Soft whiskers probe my hands. His breath whuffs across my arm, and I shiver.

He nudges my knee, and lowers his head.

He wants it.

I pull the treat from my pocket, and soft lips close over it.

Crunch.

He licks his lips and sighs.

Cappy and I have an understanding. We argue; we cooperate; but in the end, I’m in charge.

Firefly Farm is a hub of activity in the summer. Honey left us yesterday to spend time at Autumn Breeze Acres, where she’ll be bred to Amber Williams’ horse Rolex. He’s the stud I intended for Melody (after Awemost Dun died.) Apparently Honey is acting her usual gentle, sweet self.

Suzi Q. attended two shows this spring and brought home an extensive array of ribbons–and a trophy.
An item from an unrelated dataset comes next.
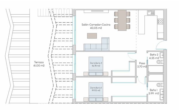 Diese wunderschönen Obergeschoss-Wohnungen verfügen über eine konstruierte Fläche von ca. 221 m² (inklusive Terrassen) mit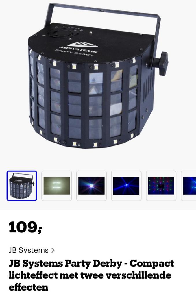 Prijs is voor 2 stuks jb-systems party derby 2 effecten in 1 derby/strobe werkt op auto/sound/dmx ik kocht deze voor 109€ per stuk nu 99€ voor 2 stuks enkel nu en dan thuis gebruiktZo goed als nieuw Ophalen

I expanded the mare and gelding pastures, planted a weeping willow tree, and have mowed down weeds in the pasture as they crop up.

Work, work, work.

Time to play.

Today is Cappy’s day. His coppery chestnut coat gleams. (On a related note, my arms are sore.)  He willingly stands on the pedestal, and as of this morning, will do so with a tarp over his body. He lunges–walk, trot, and canter–to the left, and walks on the lunge line to the right. He accepts the bridle and bit. I can lay across his back facing both directions and he stands still. I can use direct reining to make him change direction.

Cappy is brilliant. He’s fun to work with.

In 11 months, Honey will bring a new project into the world. Someone I can take to shows who will earn ribbons. Someone who will stand in the shade of my weeping willow tree and swish his or her tail. I’ll brush my foal until my arms look like that of a bodybuilder.